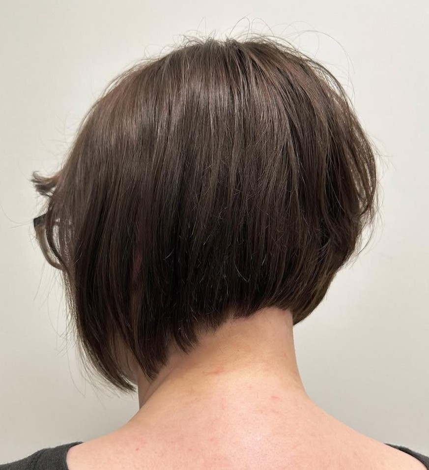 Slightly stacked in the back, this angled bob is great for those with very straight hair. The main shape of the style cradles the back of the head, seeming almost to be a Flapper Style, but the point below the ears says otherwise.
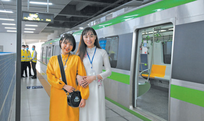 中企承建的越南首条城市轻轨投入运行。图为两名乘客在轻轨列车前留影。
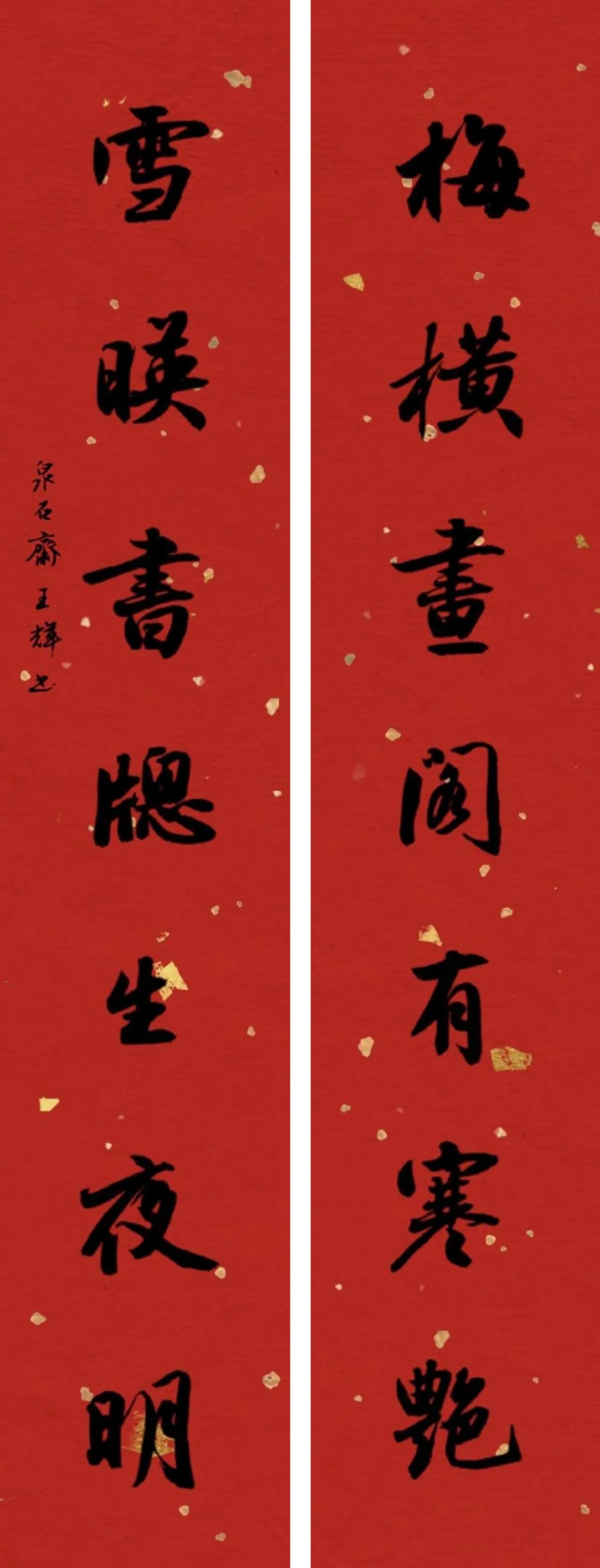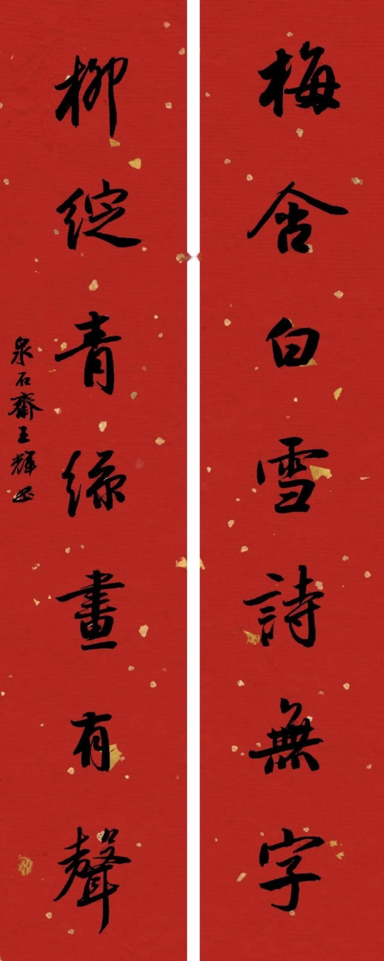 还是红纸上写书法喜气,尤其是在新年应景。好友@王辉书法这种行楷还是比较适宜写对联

__What this task involves__. Could the listing above be transcribed exactly, with the pictures left out?

__Output for this exercise__.
 Slightly stacked in the back, this angled bob is great for those with very straight hair. The main shape of the style cradles the back of the head, seeming almost to be a Flapper Style, but the point below the ears says otherwise.
 中企承建的越南首条城市轻轨投入运行。图为两名乘客在轻轨列车前留影。
 还是红纸上写书法喜气,尤其是在新年应景。好友@王辉书法这种行楷还是比较适宜写对联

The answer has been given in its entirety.